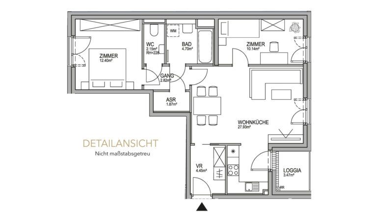 Den zentralen Mittelpunkt der Wohnung bildet die helle Wohnküche. Diese ist direkt mit der nach Süden ausgerichteten 3,47 m² großen Loggia verbunden. Die beiden Schlafzimmer sind als Ruhepol der Wohnung und als persönlicher Rückzugsort konzipiert. Das Badezimmer mit seinen hellen Feinsteinzeug-Fliesen und der Badewanne ist ein Ort des Entspannens und Wohlbefindens. Eine separate Toilette sowie ein Abstellraum sorgen für noch mehr Komfort. Die Wohnung verbindet zeitgemäße, hochqualitative Ausstattung mit modernem Design. Ein wohltemperiertes Raumklima wird von der Bauteilaktivierung sichergestellt.
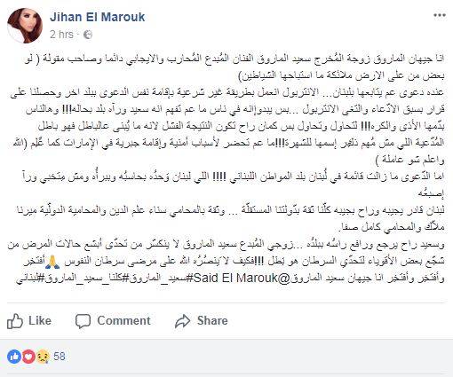 وختمت: "وسعيد راح يرجع ورافع راسُه ببلدُه... زوجي المُبدع سعيد الماروق لا ينكسّر من تحدّى أبشع حالات المرض من شجّع بعض الأقوياء لتحدّي السرطان هو بَطل!!! فكيف لا ينصُرُه الله على مرضى سرطان النفوس. أفتخِر وأفتخِر وأفتخِر انا جيهان سعيد الماروق. كلنا سعيد الماروق لبناني".
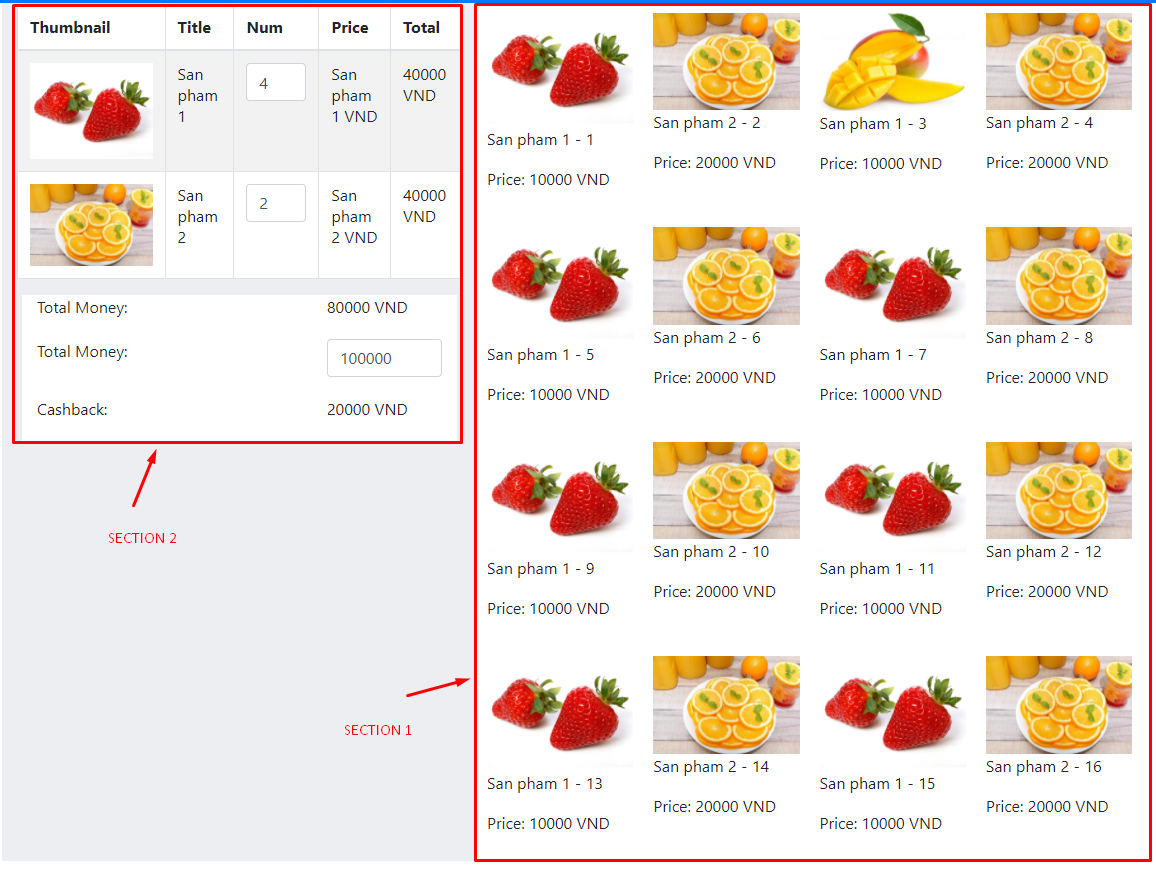 - Khi người dùng click vào từng sản phẩm trong SECTION 1 -> cập nhật thông tin tương ứng trong SECTION 2
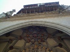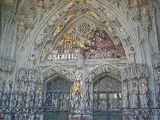 | 大聖堂です。正面入り口の彫刻です。左半分は神に選ばれた人々、右半分は地獄に落ちていく人々を表しているそうです。とても細かい彫刻で見飽きませんでした。左下の写真は小さくてよく見えませんが、上から落ちそうになっている怖い顔をした生き物です。 |
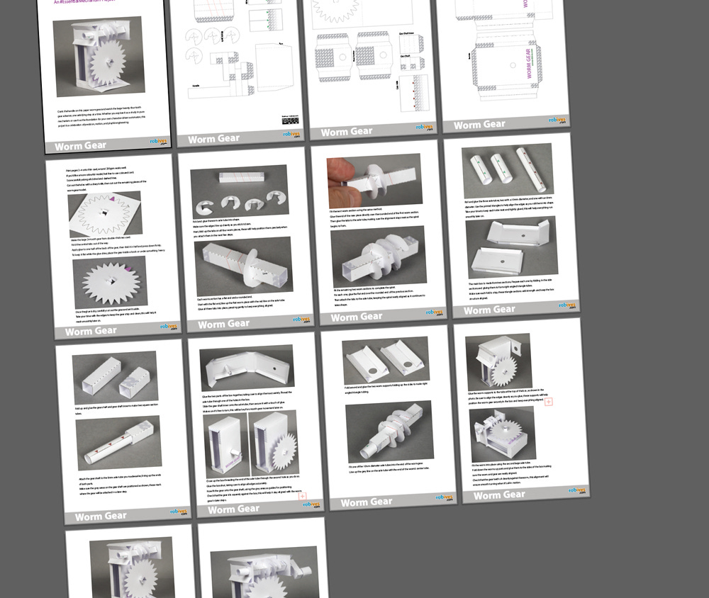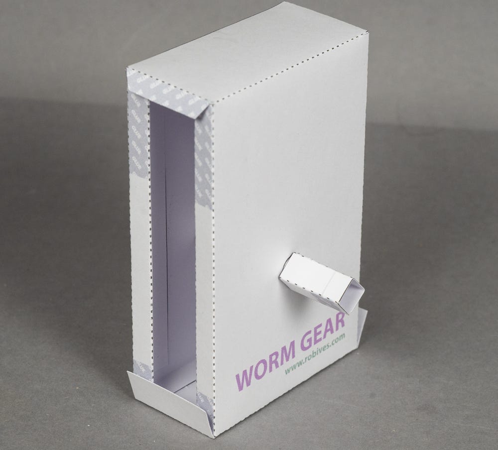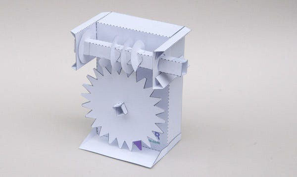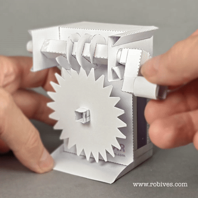 Originally shared some time ago, this updated paper worm gear project makes its official debut on the site with fresh polish and playful potential. Crank the handle to rotate the worm gear and watch the 24-tooth gear advance one satisfying step at a time. Build it as an exercise in pure mechanism, or turn it into a delightfully s-l-o-w character-based automaton that moves with intention.
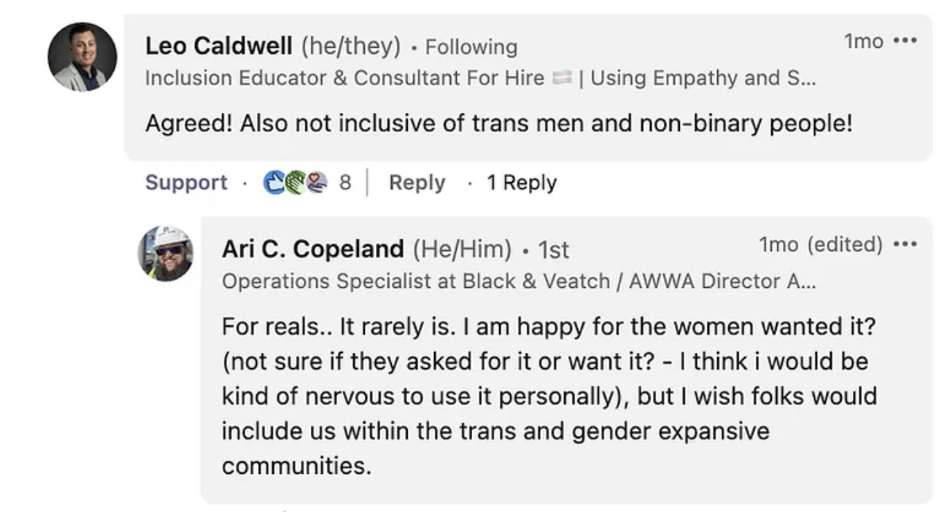 Pharoah Bolding (He/Him), The World’s Greatest Comic-Drawin’ HR Consultant, shared his thought on the policy in a LinkedIn post. Many people responded but the comments left by Leo Caldwell (He/They) and Ari C. Copeland (He/Him) confirmed that the policy, while terrible to start, was also not as inclusive as it presented itself to be.
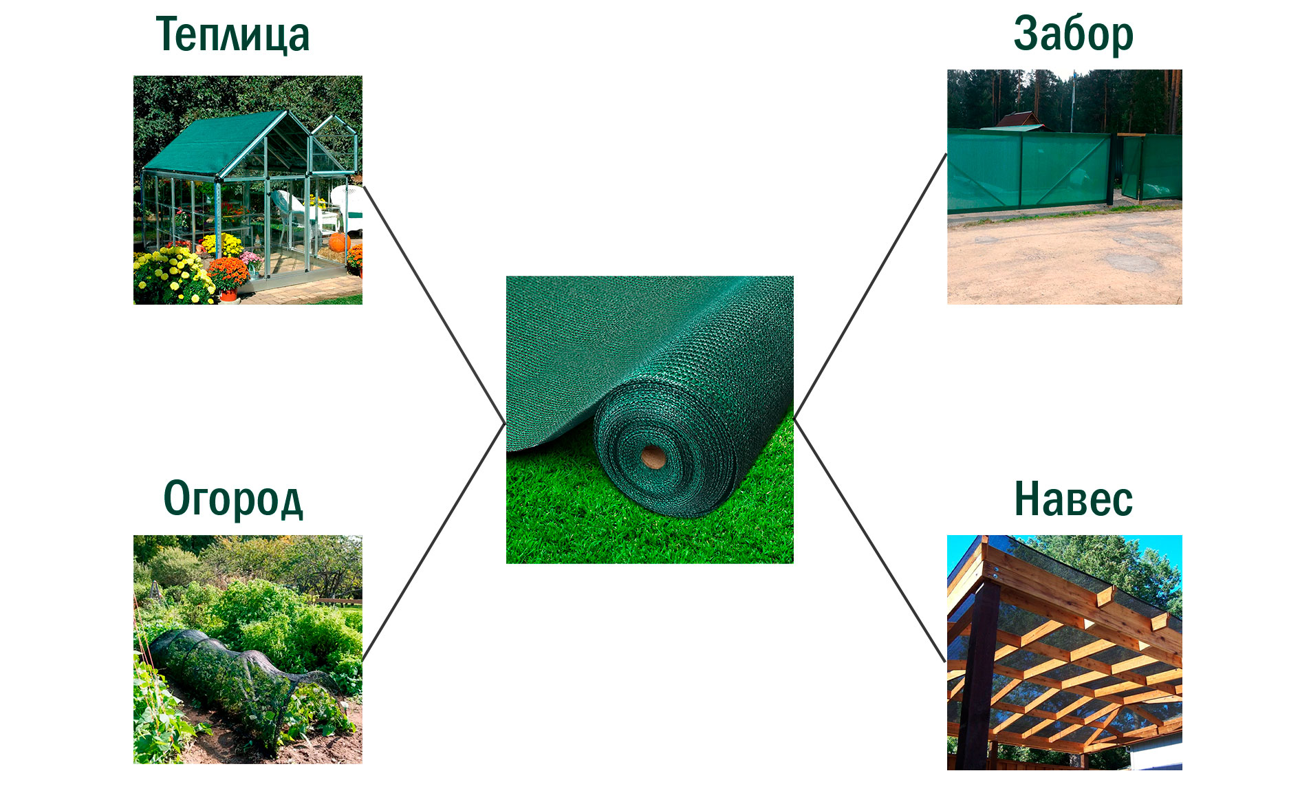 Назначение и сферы применения сетки затеняющей Полотно, вязаное из полиэфирных лент первичной и вторичной переработки, характеризуется по плотности, назначению. Защитный полог, в зависимости от плотности вязки и типа плетения, задерживает 35%-85 % световой энергии. Прямые солнечные лучи рассеиваются, не обжигая листья.
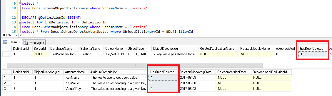 - You could notice the hasBeenDeleted column. With this, documentation can persist an object or attribute deletion. Documentation manager should define the way these records should be managed.
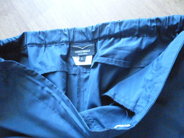 jsou nádherné, lehké, kapsy na zip, krásná barva, málo nošené, dole stahování, délka je 1,03, pas od 2x39-47 cm, stehno u rozkroku je 2x33 cm, tmavší modré jak na foto, psaná vel. L zn. Venice Beach
++++++++++++++++++++
> _Requirement_:
Restate every record above word for word, without images.

> _Result of the exercise_:
 Den zentralen Mittelpunkt der Wohnung bildet die helle Wohnküche. Diese ist direkt mit der nach Süden ausgerichteten 3,47 m² großen Loggia verbunden. Die beiden Schlafzimmer sind als Ruhepol der Wohnung und als persönlicher Rückzugsort konzipiert. Das Badezimmer mit seinen hellen Feinsteinzeug-Fliesen und der Badewanne ist ein Ort des Entspannens und Wohlbefindens. Eine separate Toilette sowie ein Abstellraum sorgen für noch mehr Komfort. Die Wohnung verbindet zeitgemäße, hochqualitative Ausstattung mit modernem Design. Ein wohltemperiertes Raumklima wird von der Bauteilaktivierung sichergestellt.
 وختمت: "وسعيد راح يرجع ورافع راسُه ببلدُه... زوجي المُبدع سعيد الماروق لا ينكسّر من تحدّى أبشع حالات المرض من شجّع بعض الأقوياء لتحدّي السرطان هو بَطل!!! فكيف لا ينصُرُه الله على مرضى سرطان النفوس. أفتخِر وأفتخِر وأفتخِر انا جيهان سعيد الماروق. كلنا سعيد الماروق لبناني".
 - Khi người dùng click vào từng sản phẩm trong SECTION 1 -> cập nhật thông tin tương ứng trong SECTION 2
 | 大聖堂です。正面入り口の彫刻です。左半分は神に選ばれた人々、右半分は地獄に落ちていく人々を表しているそうです。とても細かい彫刻で見飽きませんでした。左下の写真は小さくてよく見えませんが、上から落ちそうになっている怖い顔をした生き物です。 |
 Originally shared some time ago, this updated paper worm gear project makes its official debut on the site with fresh polish and playful potential. Crank the handle to rotate the worm gear and watch the 24-tooth gear advance one satisfying step at a time. Build it as an exercise in pure mechanism, or turn it into a delightfully s-l-o-w character-based automaton that moves with intention.
 Pharoah Bolding (He/Him), The World’s Greatest Comic-Drawin’ HR Consultant, shared his thought on the policy in a LinkedIn post. Many people responded but the comments left by Leo Caldwell (He/They) and Ari C. Copeland (He/Him) confirmed that the policy, while terrible to start, was also not as inclusive as it presented itself to be.
 Назначение и сферы применения сетки затеняющей Полотно, вязаное из полиэфирных лент первичной и вторичной переработки, характеризуется по плотности, назначению. Защитный полог, в зависимости от плотности вязки и типа плетения, задерживает 35%-85 % световой энергии. Прямые солнечные лучи рассеиваются, не обжигая листья.
 - You could notice the hasBeenDeleted column. With this, documentation can persist an object or attribute deletion. Documentation manager should define the way these records should be managed.
 jsou nádherné, lehké, kapsy na zip, krásná barva, málo nošené, dole stahování, délka je 1,03, pas od 2x39-47 cm, stehno u rozkroku je 2x33 cm, tmavší modré jak na foto, psaná vel. L zn. Venice Beach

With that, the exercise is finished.